Private Therapy

Wyglądało to tak, jakby tylko piła małymi łyczkami swoje kakao. Nikt nie zwracał na nią zbytniej uwagi, więc ona spod lekko opuszczonych rzęs obserwowała czwórkę chłopaków. Dziękowała samej sobie, że na początku roku wybrała to strategiczne miejsce niedaleko tych gagatków. Dzięki temu teraz widziała ich doskonale.

Zazwyczaj rozmawiali, opowiadali sobie kawały, omawiali pomysły na kolejne numery. Jednak w ten pochmurny czwartek nie byli aż tak żywiołowi i rozgadani.

James, jak to on, próbował rozładować napięcie, ale szło to opornie. Peter i Syriusz wymienili ze sobą kilka zdań o eseju na zielarstwo. Remus nie odzywał się wcale. Jego włosy były jeszcze bardziej roztrzepane, a ubranie wygniecione. Nie miał tych swoich rumieńców, a w jego oczach nie tańczyły te wesołe ogniki.

Coś musiało się stać.

Ruby pękało serce, patrząc na niego w takim stanie. Choć nie byli ze sobą blisko, czuła z nim pewną więź. Chciała mu jakoś pomóc, ale ze swoją nieśmiałością nie zrobiłaby za wiele. Zastanawiała się, co jest przyczyną jego złego samopoczucia. Czyżby było to związane z ich wczorajszym wyjściem po zmroku z wieży Gryffindoru? Tak przypuszczała. Kolejna podejrzana sprawa.

Po powrocie do dormitorium dopisała trzy zdania do swojego notesu. 

• Po tym ich wymknięciu się... to nie wyszło im na zdrowie. Wyglądają, jakby ich piorun trafił. Co oni wczoraj robili? 

▪▪▪


– W porządku?

Na oko czterdziestoletnia kobieta wyglądała przyjaźnie. Uśmiechała się, a czerwona szminka na jej ustach niemal raziła Ruby w oczy. Jej makijaż był nienaganny, a paznokcie wypielęgnowane. Na sobie miała długą, granatową sukienkę i niezliczoną ilość bransoletek. 

– Nazywam się Bernadette Devall – przedstawiła się, poprawiając się na krześle – Minerwa skontaktowała się ze mną, abym ci pomogła.
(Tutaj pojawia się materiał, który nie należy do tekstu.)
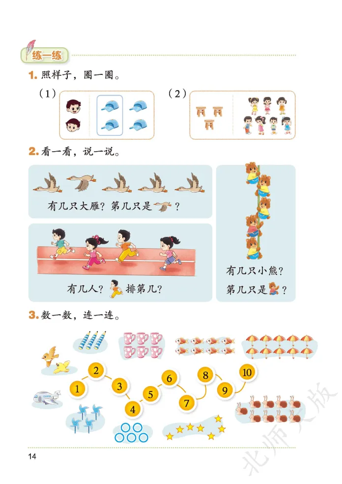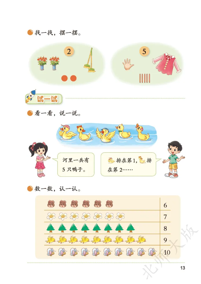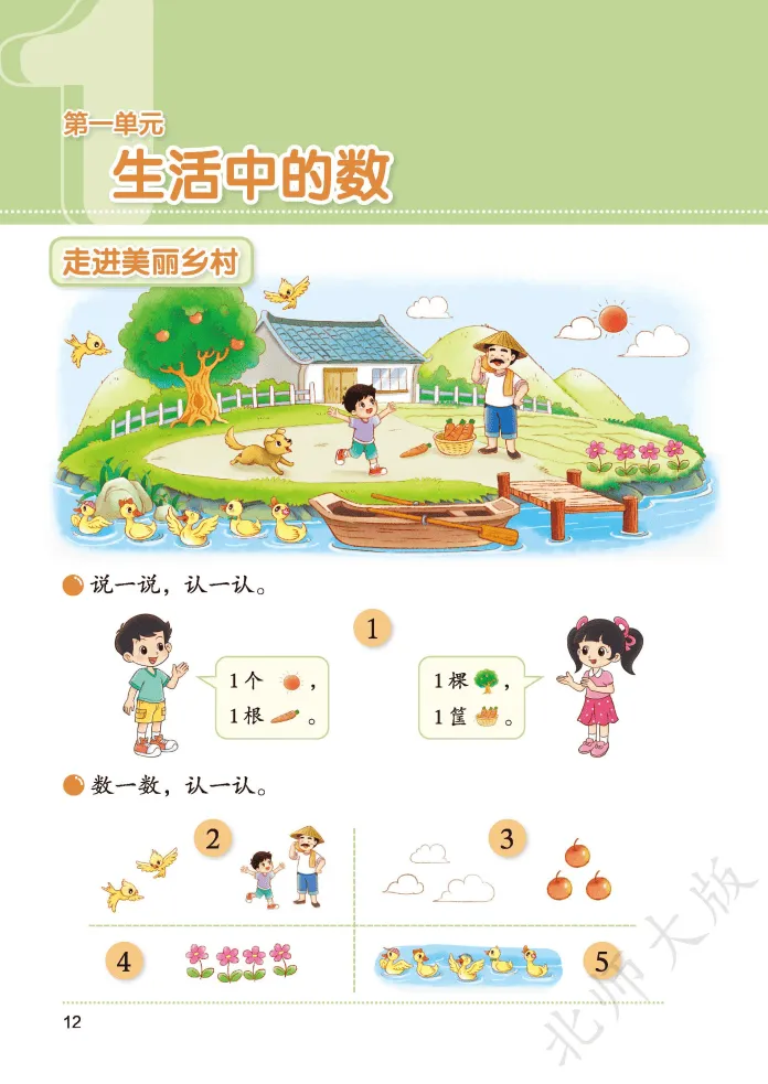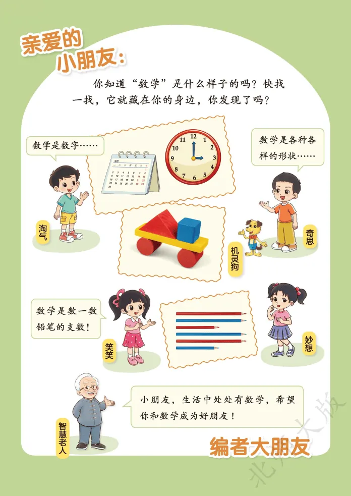 2026 秋北师大版一年级数学上册新教材聚焦10 以内数的认识、大小比较、10 以内加减法、位置与顺序、立体图形、分类、认识钟表,情境贴近校园生活,重数感与直观操作,适配全国北师大版使用地区,适合幼小衔接、课堂同步与家庭预习辅导。

Musisz wiedzieć, że ukończyłam mugolskie studia w kierunku psychologia. Zajmuję się tym od kilkunastu lat, słyszałam już wiele. Chciałabym, abyśmy razem pokonały twój lęk przed ludźmi. Na dobre.

Wstała, podchodząc bliżej dziewczyny. Wyjęła z kieszeni różdżkę. Jabłoń i pióro feniksa, rozpoznała blondynka, tak samo jak moja.

– Jeśli ci to odpowiada, będziemy się widywać raz w tygodniu, może częściej. Nie musimy spotykać się tutaj – rozłożyła ręce, rozglądając się po pustej sali do mugoloznawstwa – Znam fajną miejscówkę w Hogsmeade. 

Puściła do niej oczko, a ona rozpromieniła się. Spodobało jej się Hogsmeade. Pragnęła spędzać tam więcej czasu. 

– Dzisiaj nie będę cię już męczyć, ale od razu dostrzegłam, że coś cię trapi. To mój szósty zmysł. Omówimy to niedługo, teraz możesz już zmykać. Do zobaczenia. 

Ruby, idąc z powrotem do dormitorium, rozmyślała. Nowo poznana pani psycholog zdawała się miła, ale nie była pewna, w jaki sposób chce jej pomóc. W jej życiu dużo się działo, aż trudno było to wszystko ogarnąć w pojedynkę. Ta kobieta chyba jeszcze nie wiedziała, na co się pisze.